_INSTRUCTIONS FOR THE TASK_
With the pictures removed, retype the lines from the one holding "На картинке изображена" through the end of the records, exactly as written.

_Extracted records_
◆ ◆ ◆
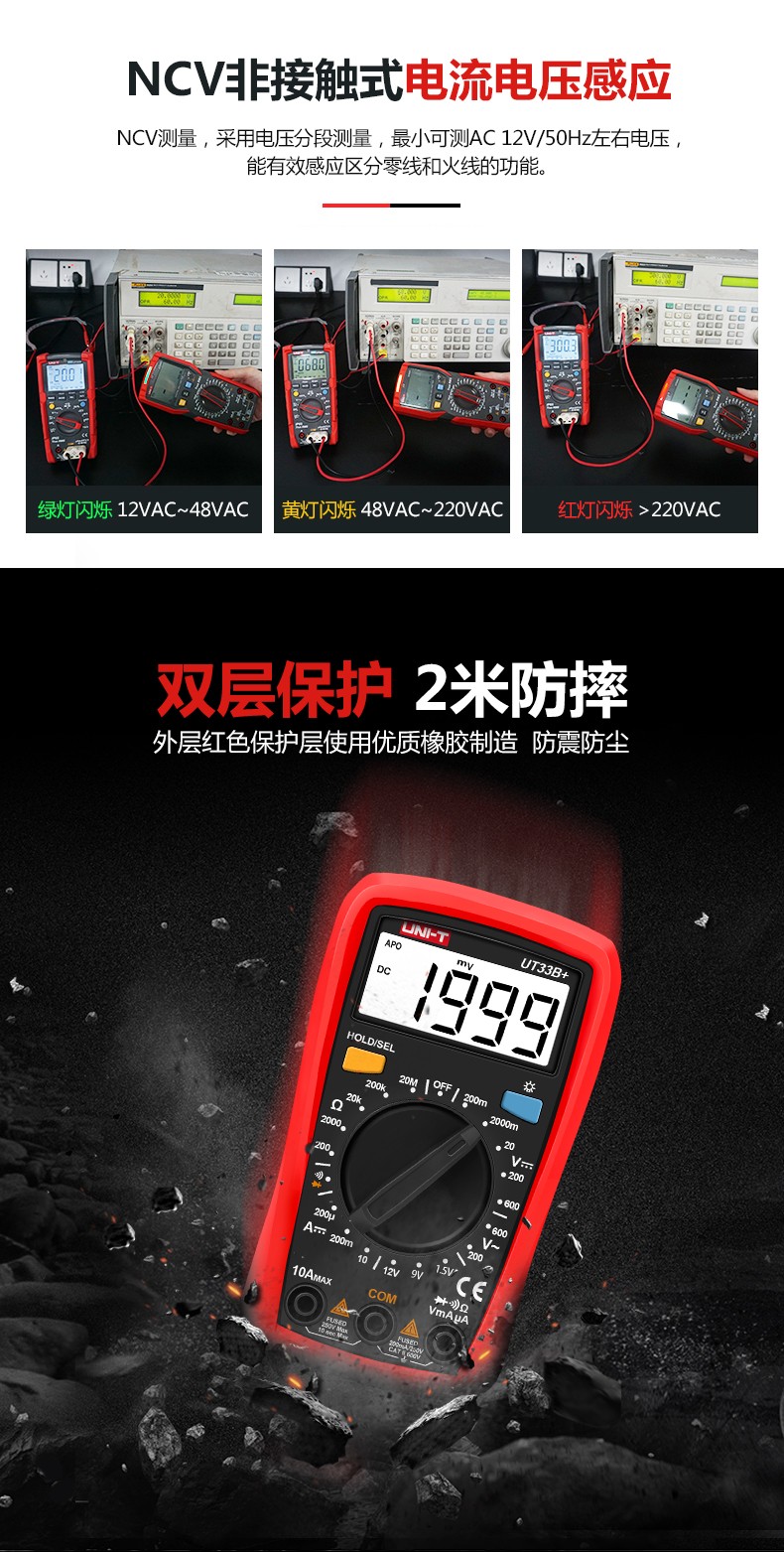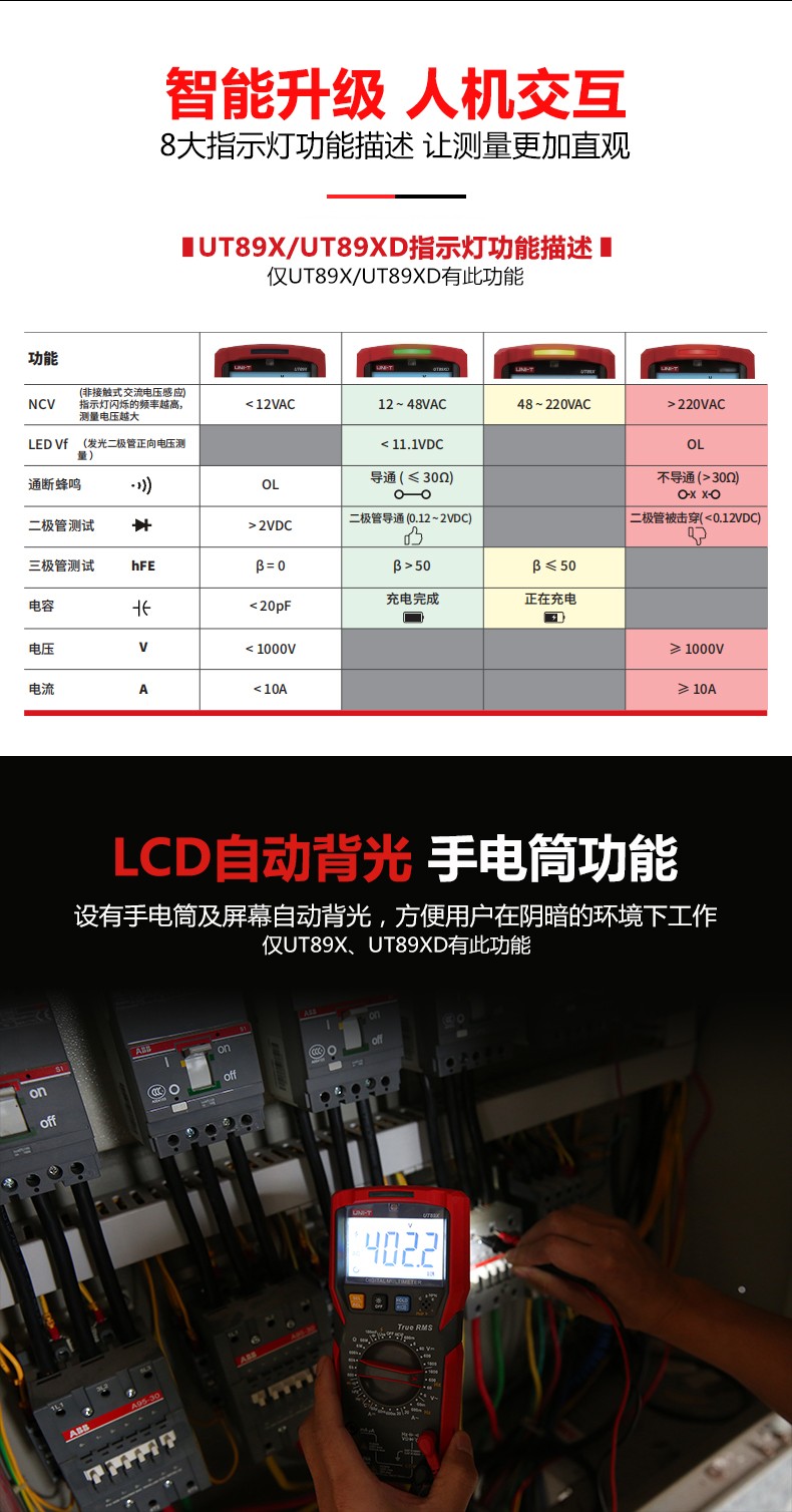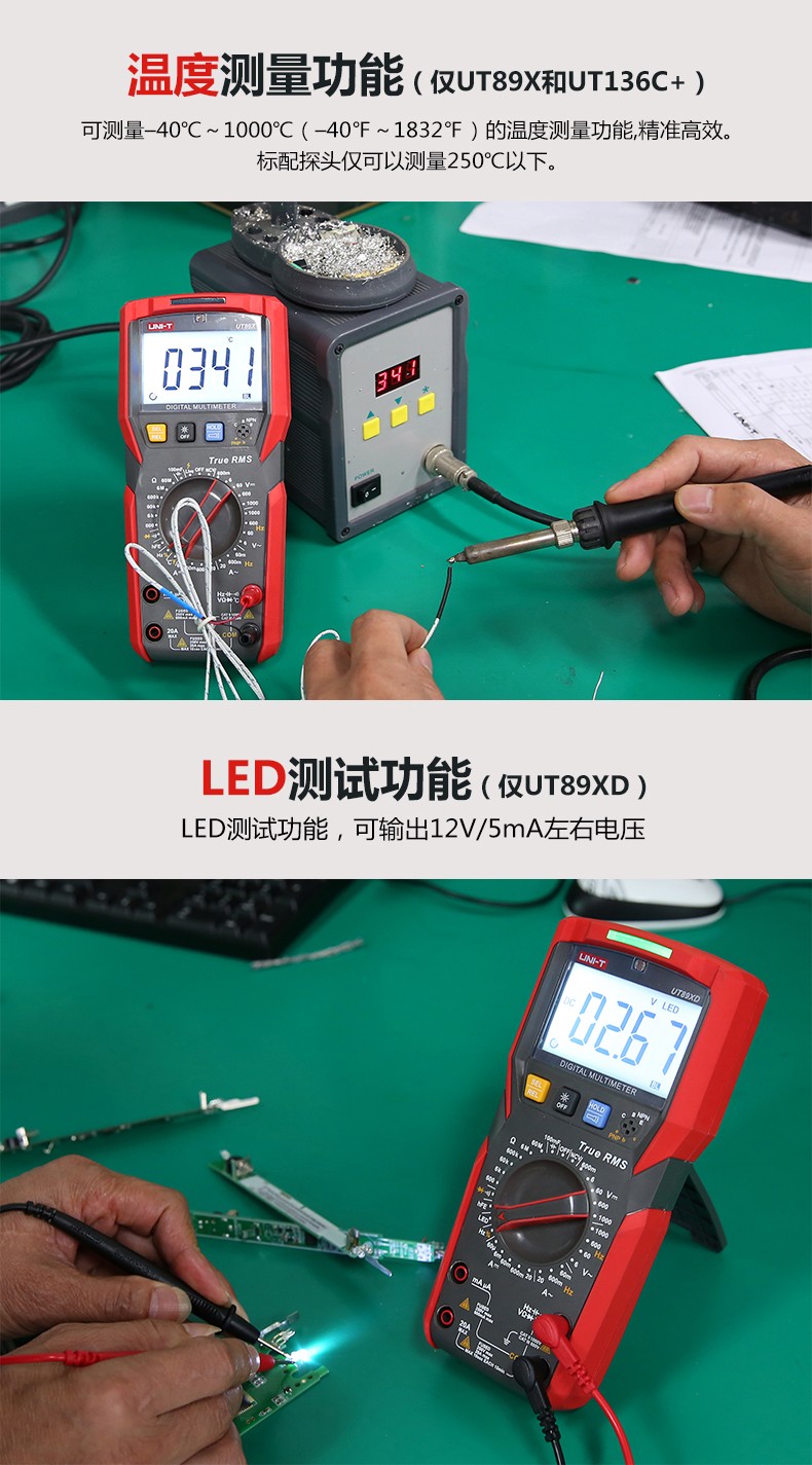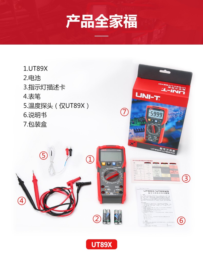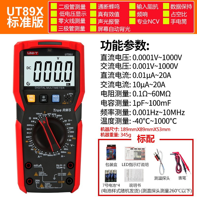 优利德万用表数字高精度全自动数显测电容多功能防烧电工万能表 UT89X(温度/零火线测量)
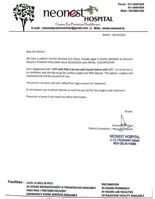 Baby Harshita, a 6-month-old infant, is currently admitted at Neonest Hospital, New Delhi, in a critical and life-threatening condition. She has been diagnosed with:
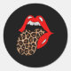Red Lips Leopard Tongue Animal Print Classic Round Sticker
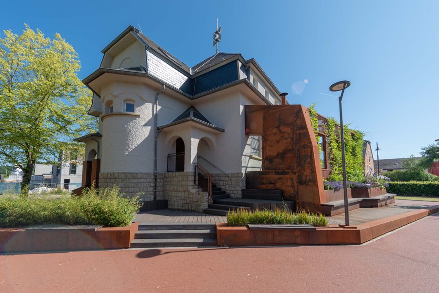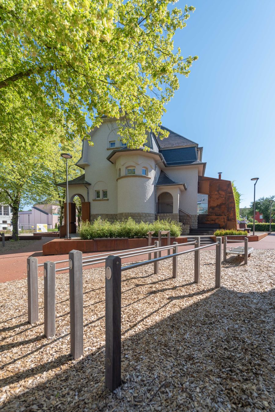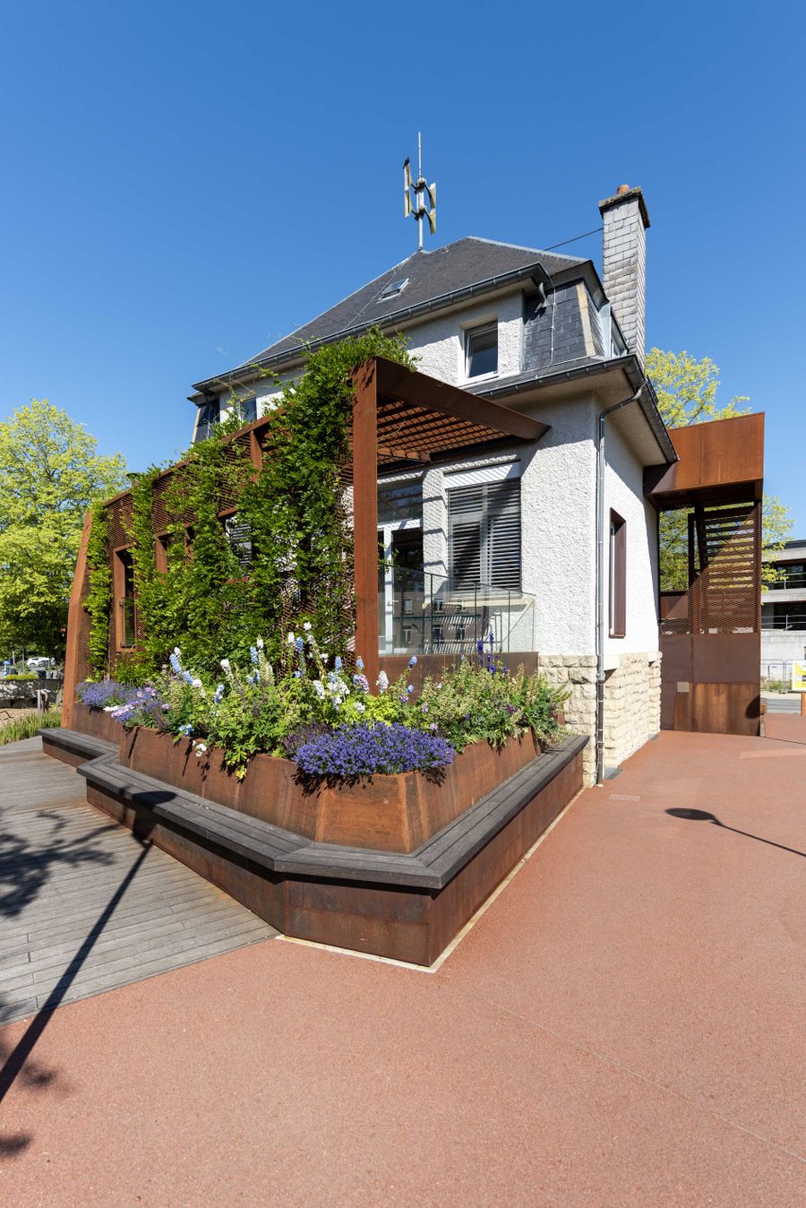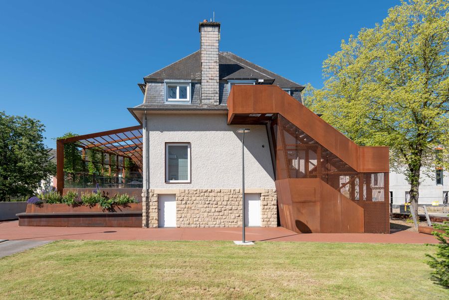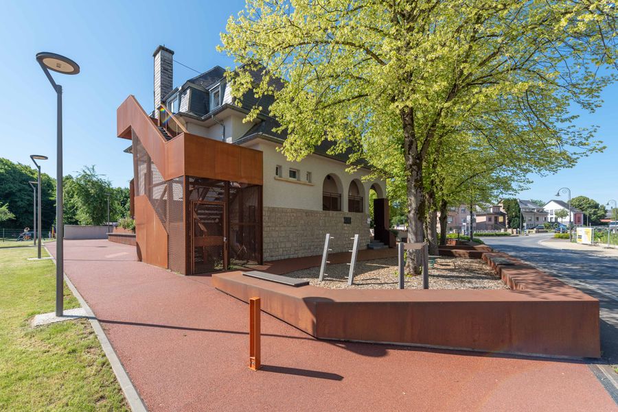 Der neue Zugang von der Hauptverkehrsachse öffnet das "Kabaischen" nach aussen. Der Aussenbereich wurde zudem durch selbstverwitternde Stahlelemente ergänzt, die das "Kabaischen" und die Umgebung optisch aufwerten und weiter in Szene setzen. Diese Stahlkreationen erinnern an den Farbton und die Arbeit der Minett-Stahlindustrie.
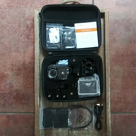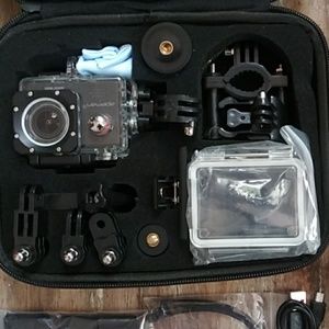Capture all your adventures with this all-in-one camera set. Waterproof up to 30 m. Built-in Wi-Fi and easy control. 170 degree wide angle and long lasting battery life. New in original case.
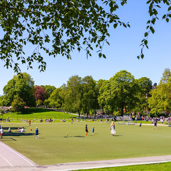 Vasaparken, en plats för barnen. Här finns lekpark, fotbollsplaner och mysiga caféer.
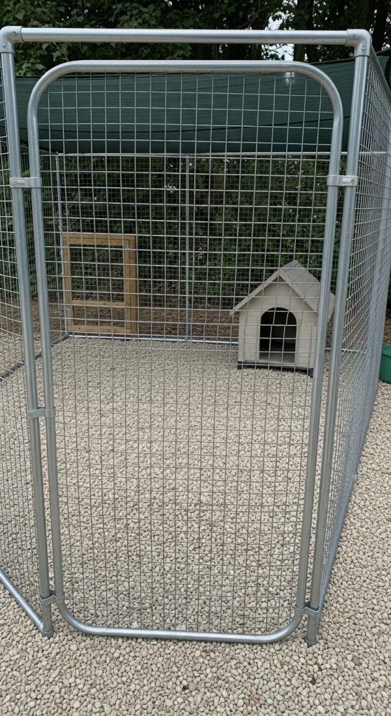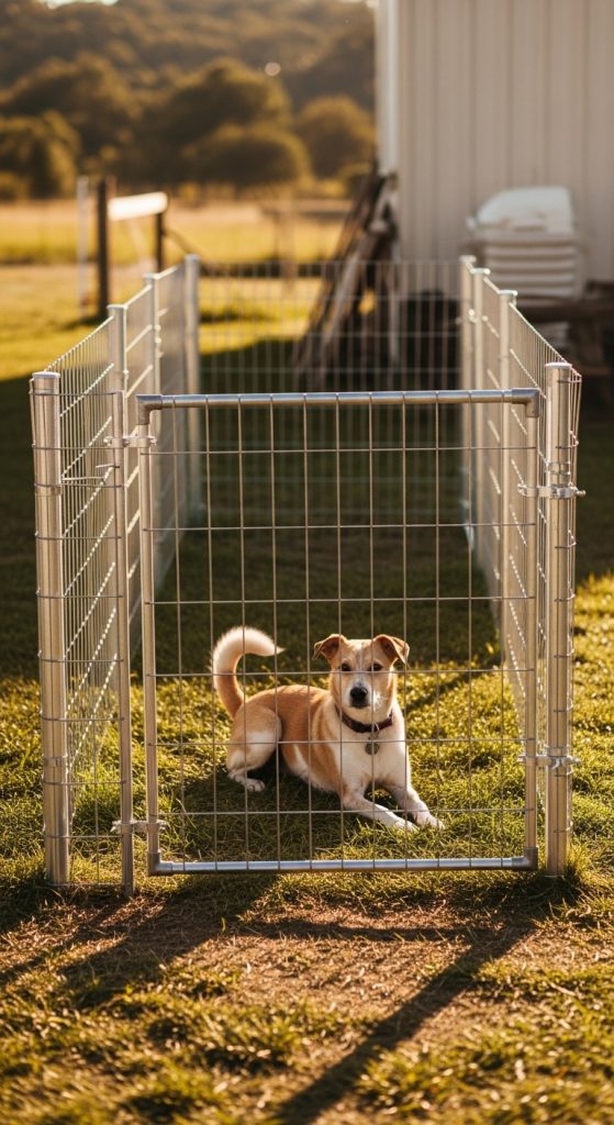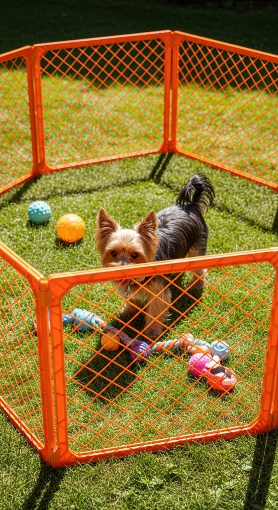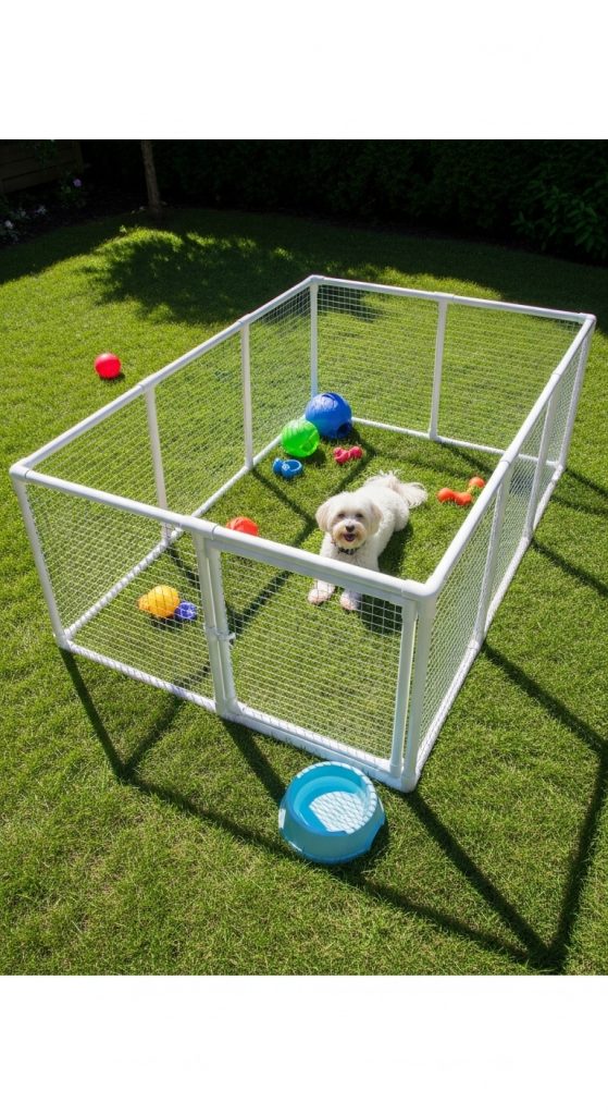 Construct a lightweight enclosure using PVC pipes and garden mesh. It’s durable, easy to move, and perfect for small dogs or temporary use.
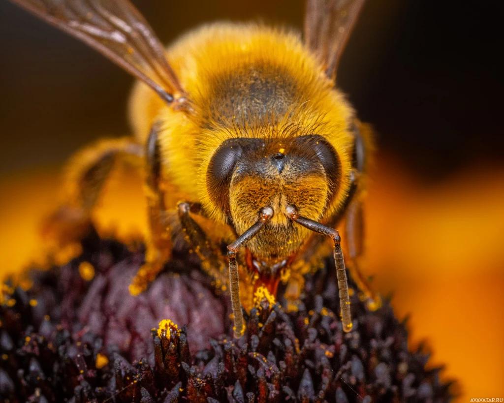 На картинке изображена пчела, которая является насекомым и относится к животному миру. Похоже, что она ведет себя типично для пчел, например, кормится или собирает нектар с цветка.
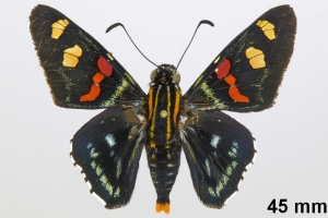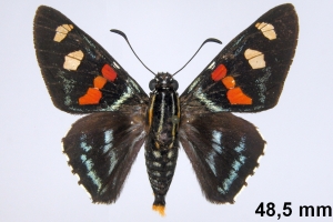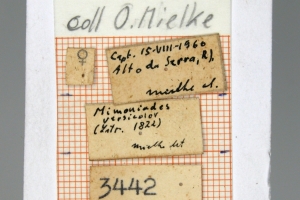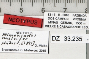 1-3: Neotypus ♂ von Mimoniades mulcifer, Daten siehe Etiketten (fot.: Carlos Mielke, Fotos bearbeitet: Michel Kettner), coll. Departamento de Zoologia, Universidade Federal do Paraná, Curitiba, Paraná, Brazil.
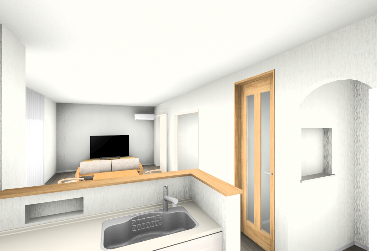 南欧風の外観に、やわらかな照明や棚などお施主様支給のアイテムが映える住まい。奥様こだわりの“かわいい”が随所に息づき、毎日が少し特別に感じられる空間です。
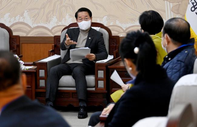 유정복 인천광역시장이 30일 시청 접견실에서 열린 `제3차 집단민원과 소통의 날`에서 옛 롯데백화점 부지 개발을 통한 상업지구 활성화 민원과 관련해 대화를 하고 있다.
◆ ◆ ◆
_OUTPUT OF THE EXERCISE_
 На картинке изображена пчела, которая является насекомым и относится к животному миру. Похоже, что она ведет себя типично для пчел, например, кормится или собирает нектар с цветка.
 1-3: Neotypus ♂ von Mimoniades mulcifer, Daten siehe Etiketten (fot.: Carlos Mielke, Fotos bearbeitet: Michel Kettner), coll. Departamento de Zoologia, Universidade Federal do Paraná, Curitiba, Paraná, Brazil.
 南欧風の外観に、やわらかな照明や棚などお施主様支給のアイテムが映える住まい。奥様こだわりの“かわいい”が随所に息づき、毎日が少し特別に感じられる空間です。
 유정복 인천광역시장이 30일 시청 접견실에서 열린 `제3차 집단민원과 소통의 날`에서 옛 롯데백화점 부지 개발을 통한 상업지구 활성화 민원과 관련해 대화를 하고 있다.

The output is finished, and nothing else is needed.